Microvascular decompression: Samii et al. described the first case of surgical decompression of the trochlear nerve in 1998. A Goretex or Teflon graft is inserted between the offending artery and the trochlear nerve. The arterial loop usually arises from the superior cerebellar artery and affects the nerve at the root entry zone, causing axonal compression. Intraoperative electromyography showed the erratic axonal discharge causing SOM, which stopped following the placement of a Teflon graft. 

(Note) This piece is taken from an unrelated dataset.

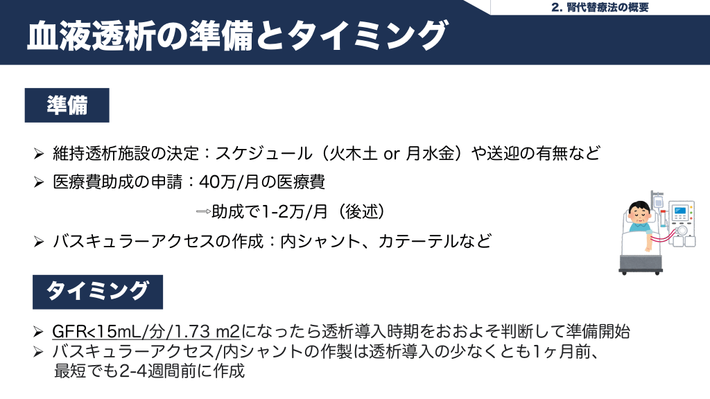 #11. 2. 腎代替療法の概要 血液透析の準備とタイミング 準備 Ø 維持透析施設の決定:スケジュール(火木土 or 月水金)や送迎の有無など Ø 医療費助成の申請:40万/月の医療費 ⇨助成で1-2万/月(後述) Ø バスキュラーアクセスの作成:内シャント、カテーテルなど タイミング Ø GFR<15mL/分/1.73 m2になったら透析導入時期をおおよそ判断して準備開始 Ø バスキュラーアクセス/内シャントの作製は透析導入の少なくとも1ヶ月前、 最短でも2-4週間前に作成

There have subsequently been a total of six cases described in the literature using different neurosurgical approaches. Half the patients had postoperative trochlear nerve palsy that lasted from weeks to months but recovered. The procedures were curative of the symptoms of SOM. The commonest surgical approach has been the retrosigmoidal approach. Kawasaki et al. have suggested that the lateral superior cerebellar approach gives a better operative view allowing fine manipulation of the vessel and the nerve for decompression. In the retrosigmoidal approach, there is no retraction of the cerebellum, and this may limit the operative view.

Neurosurgical microvascular decompression of the trochlear nerve root is reserved for patients with intractable symptoms not alleviated with medial treatments or focal superior oblique tendon and muscle surgery. Such patients should always undergo neuroimaging to look for vascular anomalies in the vicinity of the origin of the trochlear nerve and also to exclude brainstem tumors.[12]

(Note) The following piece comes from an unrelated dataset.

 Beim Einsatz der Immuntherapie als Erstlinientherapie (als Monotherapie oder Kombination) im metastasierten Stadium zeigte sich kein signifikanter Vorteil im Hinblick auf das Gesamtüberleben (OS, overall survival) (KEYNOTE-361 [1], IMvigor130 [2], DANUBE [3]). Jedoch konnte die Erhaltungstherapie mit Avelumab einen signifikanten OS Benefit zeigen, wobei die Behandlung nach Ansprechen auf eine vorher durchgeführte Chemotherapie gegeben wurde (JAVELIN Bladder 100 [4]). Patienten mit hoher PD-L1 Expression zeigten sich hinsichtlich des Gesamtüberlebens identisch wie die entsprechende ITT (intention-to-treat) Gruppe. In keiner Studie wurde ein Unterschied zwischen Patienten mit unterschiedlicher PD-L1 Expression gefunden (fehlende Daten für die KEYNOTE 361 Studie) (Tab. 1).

History of the neurovascular compression theory: The neurovascular compression theory was proposed by Peter Jannetta when he was a neurosurgery resident at the University of California. In 1965, while performing cranial nerve microdissections for dental students, Jannetta identified the trigeminal portio intermedia. He proposed that preserving these sensory fibers may avoid the facial numbness that was common after surgery for trigeminal neuralgia. He and Robert Rand developed a subtemporal transtentorial approach to achieve selective rhizotomy for trigeminal neuralgia.

As such surgery would be forbidden for a resident to perform at the University of California hospital, he operated on a patient with John Alksne at the Harbor General Hospital. On seeing the trigeminal nerve compression by the superior cerebellar artery at surgery, he said, "that's the cause of the tic." He proposed that alleviating the compression of the nerve may be curative.

Some months later, when examining a patient with hemifacial spasm, it occurred to Jannetta that a similar microvascular compression could cause this condition. He went on to perform the first Jannetta microvascular decompression procedure on this patient with success. The neurosurgical cognoscenti of the time were not inclined to accept such radical theories from a resident.

Over decades, the refinement of his surgical technique and presenting his results led to the acceptance of microvascular decompression surgery for trigeminal neuralgia and hemifacial spasm. It is considered one of the great advances in neurosurgeries, and the approach is now applied to other conditions such as SOM and glossopharyngeal neuralgia. Interestingly, the concept of compression of nerve roots by normal vessels was introduced by Dandy and Gardner. Indeed, Dandy had been able to identify compression of the trigeminal nerve root by the superior cerebellar artery loop in 30.7% and compression by a branch of the petrosal vein in 14% of the 215 cases he presented in 1934. This was prior to the use of microscopes.

Interestingly, he did not consider separating the compressing vessels from the nerve. Gardner, in 1962 reported placing a gel foam pad between a compressing artery and nerve in cases of trigeminal neuralgia and hemifacial spasm.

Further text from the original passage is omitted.